As many of you know, I joined a National Co-Ed Honor Fraternity. It has truly changed my life. I have very close friends who I met through the brotherhood. I am more involved in activities and I enjoy classes more because I have study buddies who happen to be my brothers. However, last semester a major conflict rocked our chapter's world. Honestly, nothing has changed. There is a particular individual who has personally attacked me and I feel like I should not verbally respond in fear that I might say something that shouldn't be said. (If you can't say something nice, don't say anything at all.) That's all I will say about the extent of the issue since it is a personal issue between brothers.
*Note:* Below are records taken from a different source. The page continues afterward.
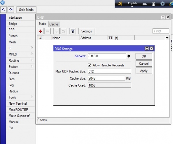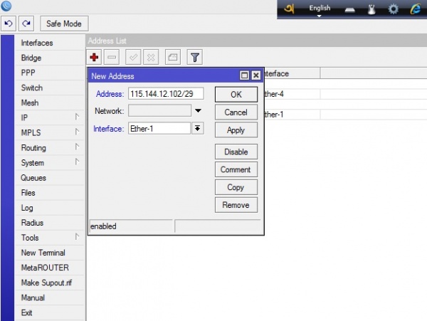 - ৭। প্রথমে Menu থেকে IP > Address এ ক্লিক করুন। এরপর উইন্ডোটি ওপেন হলে + (add) icon এ ক্লিক করুন। আমরা এখানে উদাহরণ সরূপ একটি IP address, subnet mask, gateway address and DNS server address এন্ট্রি করব। Address এর ঘরে আপনার IP address subnet mask সহ এন্ট্রি করুন। Interface এর ঘরে ether 1 (অথবা যেকোনো ether) Select করে Apply>Ok করুন।
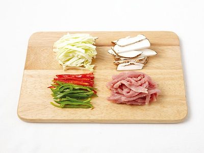 2. 양배추, 표고버섯, 고추, 돼지고기 안심은 얇게 채 썰고,
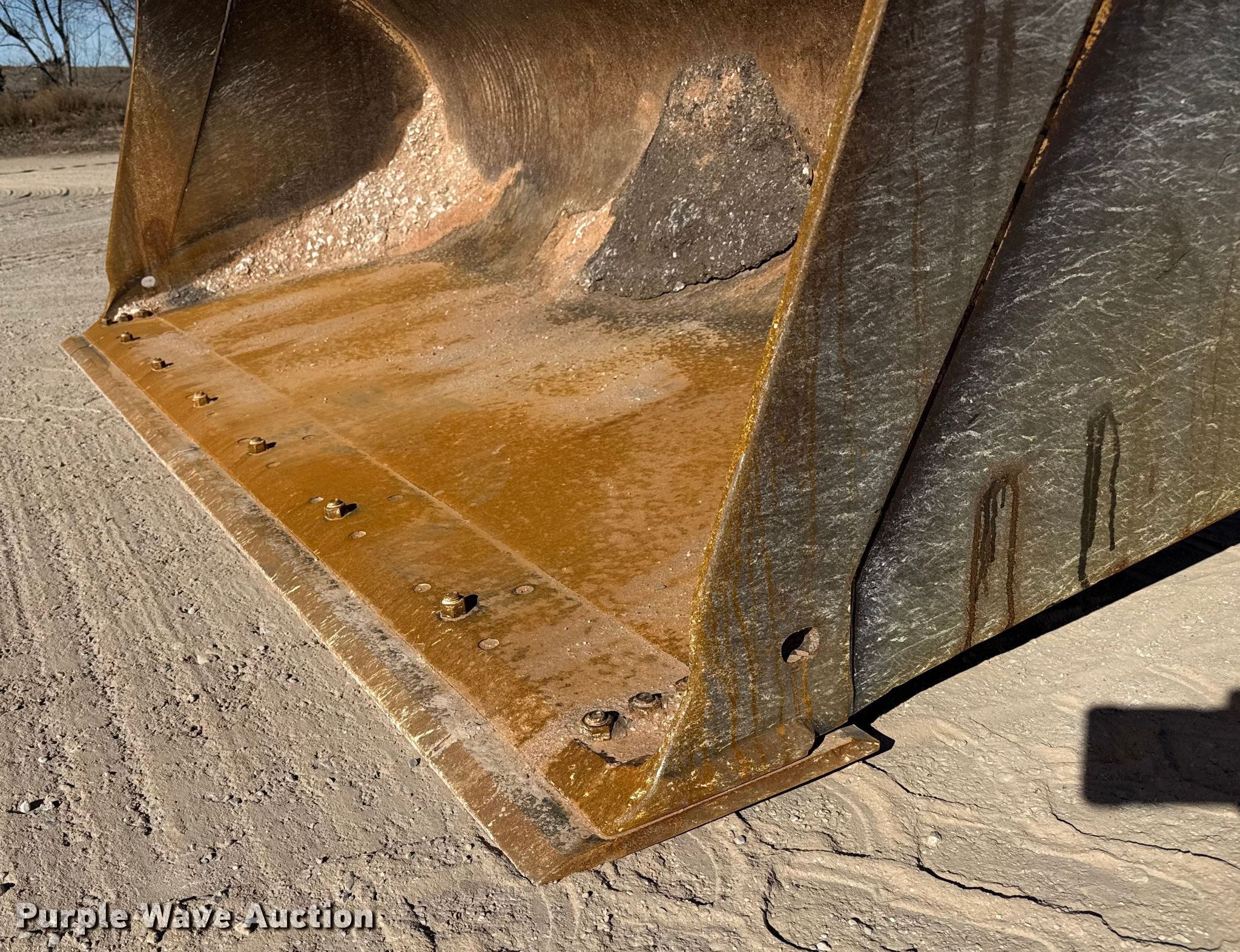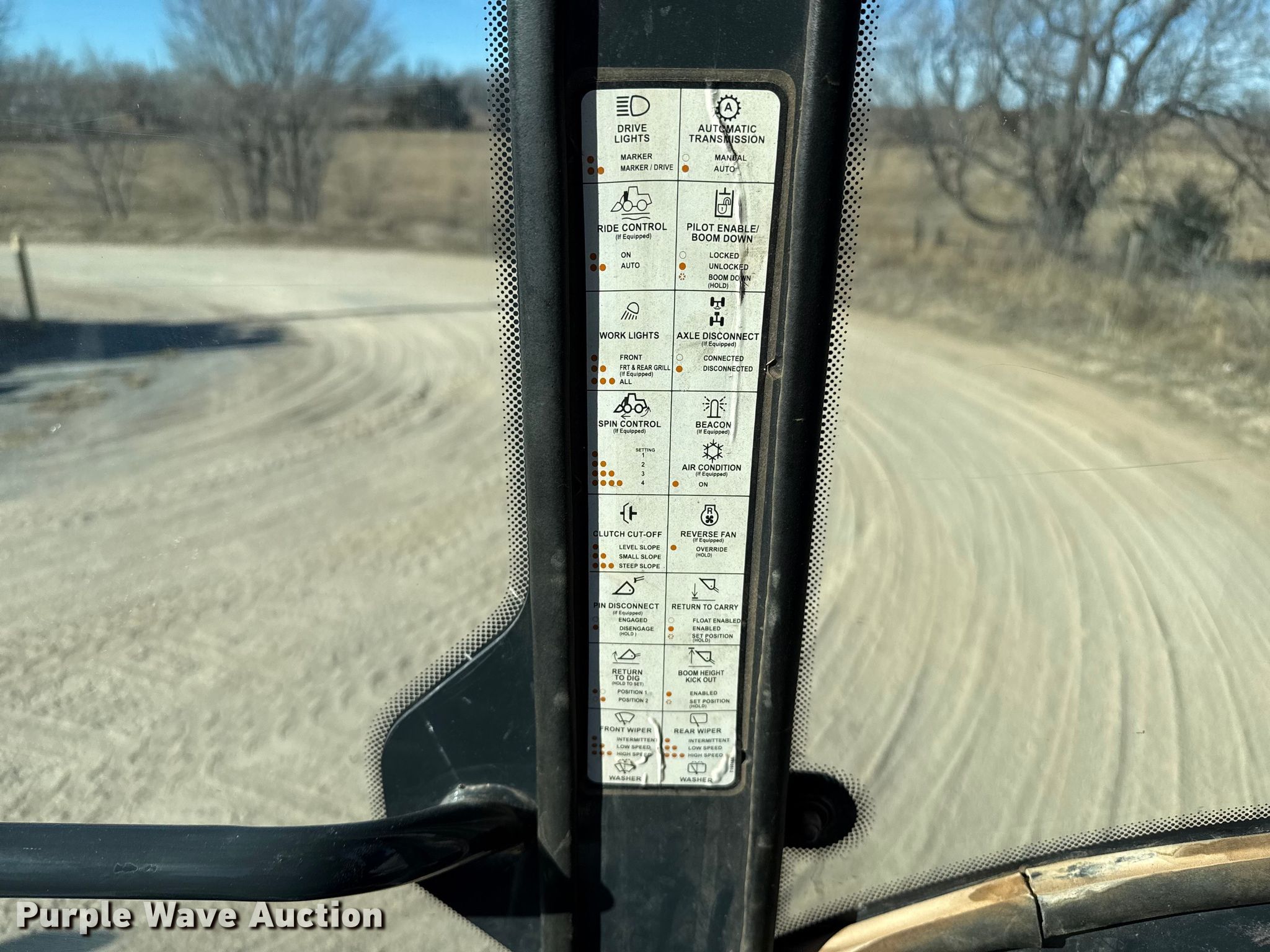 2005 John Deere 624J wheel loader. Hours: 848 on meter, Odometer: 1,697 miles on odometer, Serial: DW624JZ599302. Engine John Deere, Cylinders: 6, Fuel type: Diesel. Transmission Powershift, 4F - 4R. Chassis Differential lock. Operators station Enclosed cab, AC, Heat, Bucket controls: Joystick, Ride control. Features Self-leveling loader, Bucket John Deere, Capacity: 3.5 cu.yd., Width: 105". Tires Size: 20.5R25. Woodward County District 2. Sharon, OK 73857
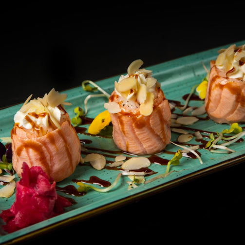 filetto di salmone flambè, formaggio fresco spalmabile, teriyaki, scaglie di mandorle.
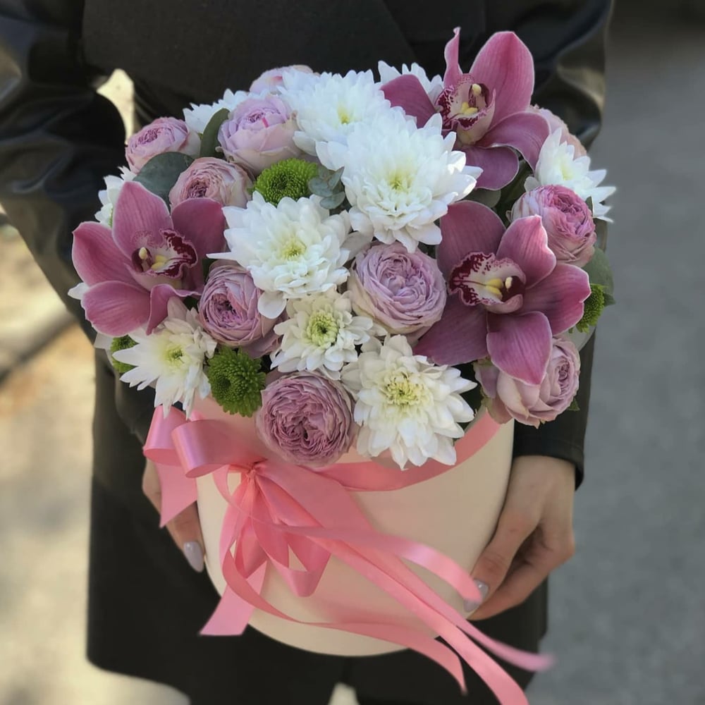 Hat box with flowers 'Arranged box 2'
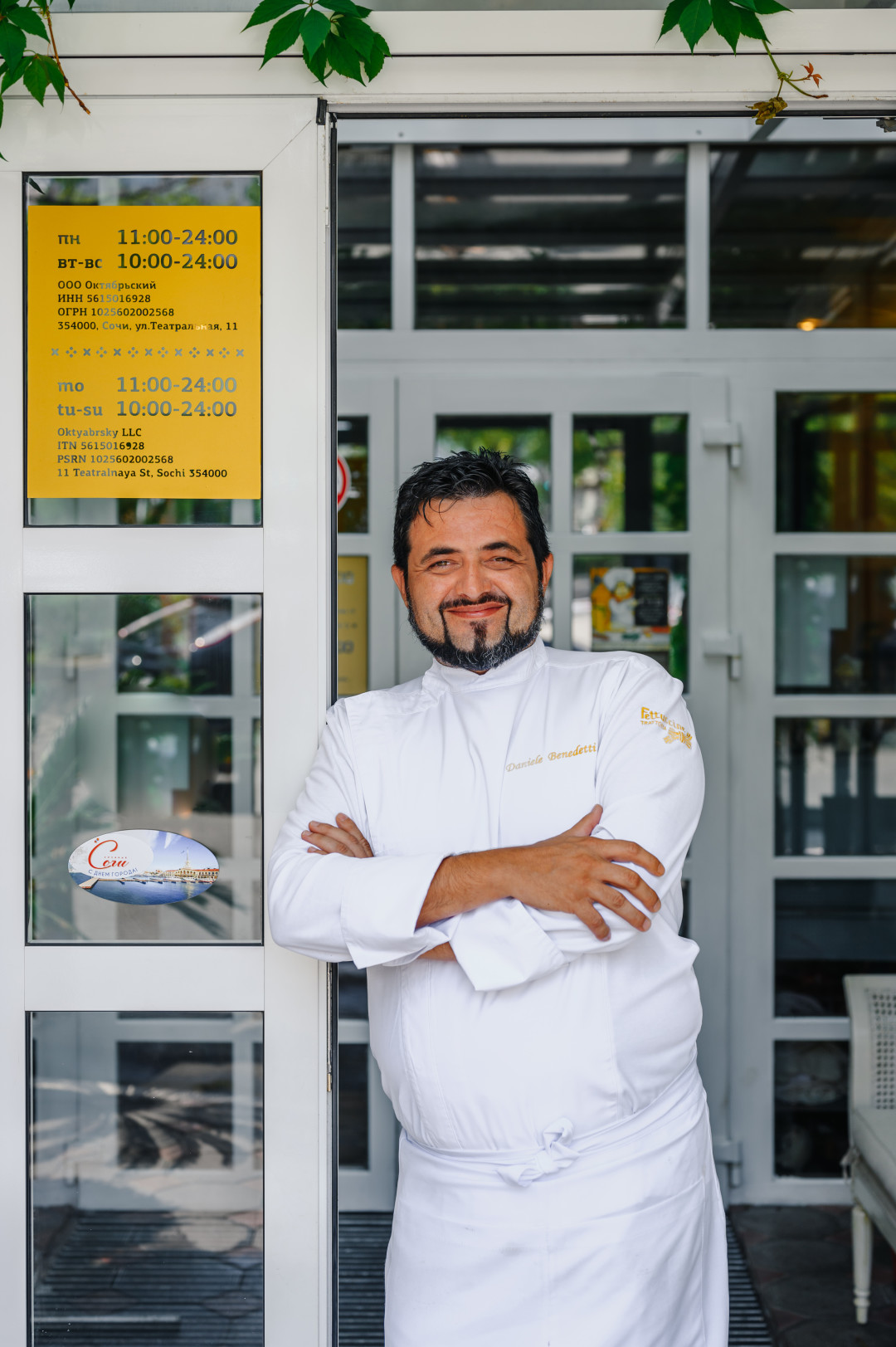 Бренд-шеф семейного ресторана «Феттуччине» всем сердцем любит итальянскую кухню, и за всю жизнь она ему не успела надоесть. Но как профессионал, который постоянно развивается, он пробует новые продукты и направления. Кухня для Даниэле определяет культуру страны, он черпает вдохновение в разных гастрономических точках мира. Так как в Италии не принято завтракать, то Даниэле и в Сочи это редко делает. Здесь ему не хватает идеального эспрессо, он
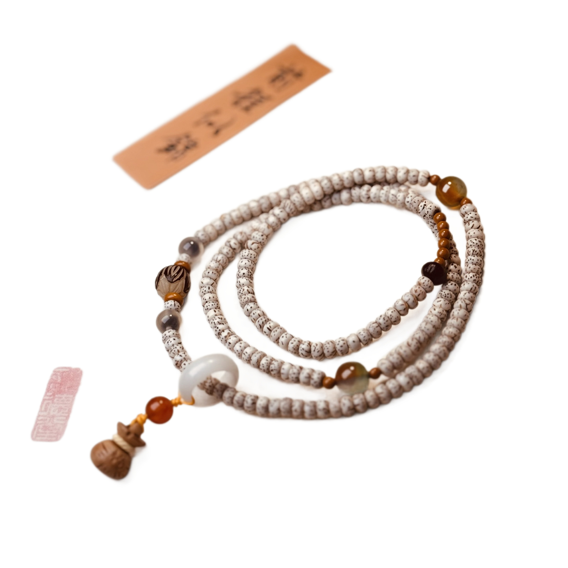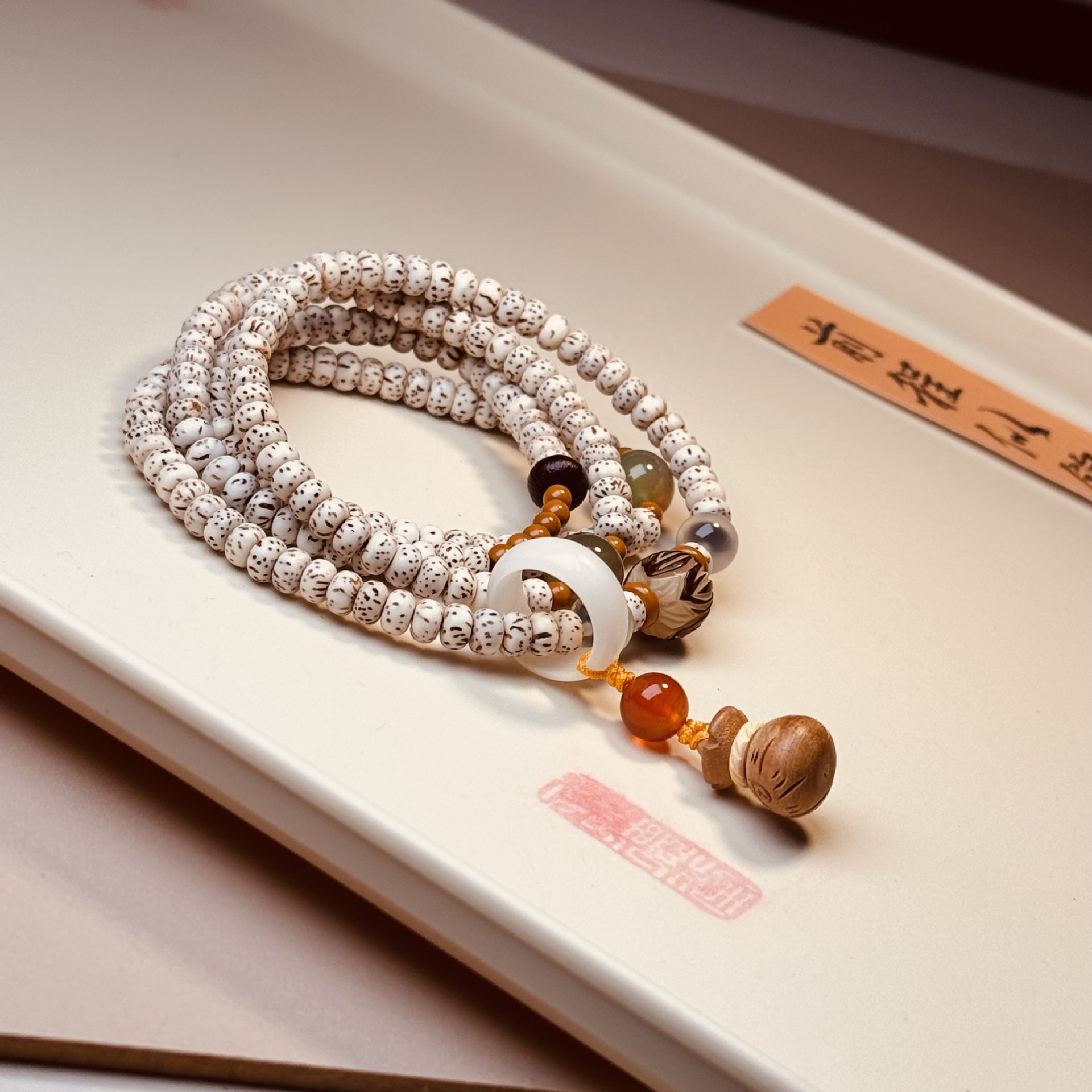 星月菩提手串108颗白玉圆珠新中式佛珠男女款手链挂脖饰品
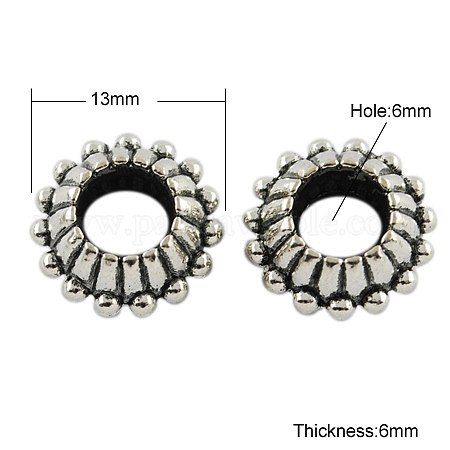 • Античное Серебро Сплавочные овальные бусины тибетского стиля , без кадмия и без свинца, рондель, античное серебро, 13x6 мм, отверстие : 6 мм
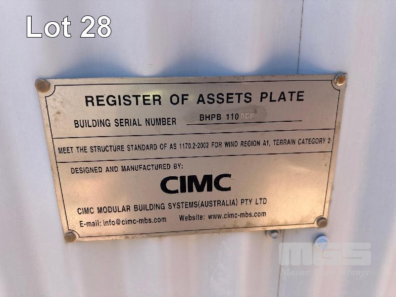 ACCOMMODATION UNIT, 4 ROOM CIMC CIRCA 2015 15.15 x 4.45m 22,000kg SELF CONTAINED ROOM WITH ENSUITE, COMPLETE WITH BED, DESK, CTV, FRIDGE, CUPBOARD, ELECTRIC HOT WATER, DAIKIN SPLIT SYSTEM A/C WITH VERANDAH ID NO: 110055
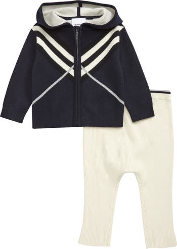 A perfect gift for a budding Burberry fan, this adorable set includes a hooded full-zip jacket and ribbed pants made with supremely soft cashmere and cotton.

Over the break, the issue was dropped, until 2 days ago. I am stuck between a rock and a hard place. I feel as though I should stand up for myself since I, as well as several others, have been wronged, but I also feel as though I just want to quit. I have more important things in my life that require my attention. I've invested too much time to quit the fraternity, but the lack of accountability and support from other brothers have made me wonder if it is really worth it. I'm just having a hard time. What do I do? Do I fight? Do I risk saying something that shouldn't be said? Do I end up losing the friendship I have with some of the brothers that have become some of my closest friends? Or do I forget it entirely? Move on? Quit? I don't know.
I know, this is a childish, superficial post, but really that is all the argument is. I don't feel as though I did anything wrong. No, I know I didn't do anything wrong. You know when you're little and you do something that you weren't supposed to do, but you told your parents that you didn't do it, but deep down you feel guilty because you know it was wrong. Yea, it's not like that. I don't feel guilt for anything I've said or done. So why is this so hard? I don't know. Just leave a comment and give me a little advice as to what to do. What has worked for you if you have been in this situation? What would you do if you were in my situation? Now's the time I need advice that Yoda would give Luke Skywalker or Mr. Miyagi give to his Karate Kid. Seriously. Please comment.
2 comments:
Pray! not just the prayer that you would do on a daily basis - but go somewhere quiet - by yourself, eliinate all from your mind and spend time with "Him" After a few hours - you will definitely know where your heart is leading you. It is seldom that I spend the time that I need to to prayer - but when I have an issue that really is out of my hands - I turn it over to "Him" in prayer and after that = there is always clear direction!
love ya
mommy
Ditto to what your mom said. Prayer is the answer.